By: Suzanne Elvidge BSc (hons), MSc - Updated: 15 Oct 2012 |
 
Allergy Intolerance Food Anaphylactic

A food allergy happens when the body’s immune system mistakes proteins in food for infections and produces antibodies against them

Common foods that cause allergies include cow's milk, eggs, wheat, soya, fish, shellfish, including mussels, crabs, prawns, shrimp and squid, and nuts, including peanuts, Brazil nuts, almonds, hazelnuts and walnuts.

What Is The Difference Between Food Intolerance and Food Allergy?

Food intolerances can be unpleasant, but aren’t usually life threatening, and don’t involve the immune system. Symptoms tend to include sickness, diarrhoea, stomach pains and bloating.

What are the Symptoms of Food Allergies?

The symptoms of food allergies can be immediate, coming on within 20 minutes of eating the food in question, and may include hives (itchy bumps on the skin), rash, itching, sickness and diarrhoea, stomach-ache, bloating, tingling and swelling of the lips and other parts of the mouth, runny nose and sneezing, coughing and wheezing, and dizziness.

The symptoms of food allergies can also be delayed, such as eczema. Coeliac disease is a delayed allergic reaction to gluten, a protein in wheat. It causes bloating, diarrhoea and stomach pains, and reduces the absorption of nutrients in food.

Symptoms of a serious allergic reaction, known as anaphylactic shock, include severe asthma and swelling of the tongue and throat causing problems with breathing, as well as a significant drop in blood pressure. If anaphylactic shock is not treated quickly, it can lead to death.

How Dangerous are Food Allergies?

Most food allergies, though, are mild and are unpleasant rather than dangerous. While anaphylactic shock is very serious, and is given a high profile by the media, it is very rare – children are at a much higher risk from asthma, or crossing the road.

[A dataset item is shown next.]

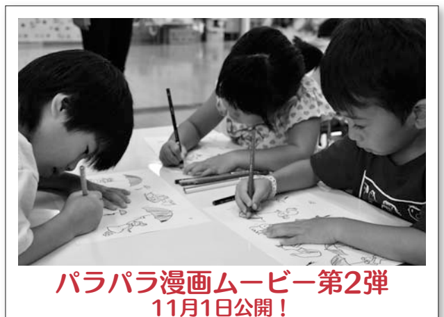
パラパラ漫画ムービー第2弾 11月1日公開！

9月18日、老人福祉センター逆木荘で「第1回逆木荘敬老まつり」が行われました。当日のステージでは、詩吟や手品、沖縄踊りなどが披露されたほか、懐かしのメロディーと一緒に歌うコーナーもあり、参加者は時を忘れて楽しんでいました。

Diagnosis and Treatment of Food Allergies

Diagnosis of food allergies includes descriptions of the symptoms, as well as results from oral challenges (eating a small amount of the particular food under the supervision of a doctor), skin prick tests (introducing a tiny amount of the food under skin and seeing if the skin becomes red and itchy) and blood tests (known as RAST – radioallergosorbent test).

It is important that food allergies are properly diagnosed and monitored by a doctor, as over-the-counter tests may be unreliable. About 50% of adults who think they have a food allergy actually do not – only about 1% of the adult population, and 2-4% of children actually have food allergies, and some children will grow out of the allergies.

Mild allergic symptoms can be treated with over the counter antihistamines. The early stages of anaphylaxis can be treated using an adrenaline autoinjector (EpiPen).

Food allergies are usually treated by avoiding the food that causes the allergy, but in some cases they can be cured by gradual exposure to very small amount of the food that causes the allergic response to allow a tolerance to build up (this should only be done by a doctor).

What Can Parents Do?

It is important to check food ingredients lists carefully, and to make sure that the child and his or her friends (and their parents) understand that certain foods need to be avoided.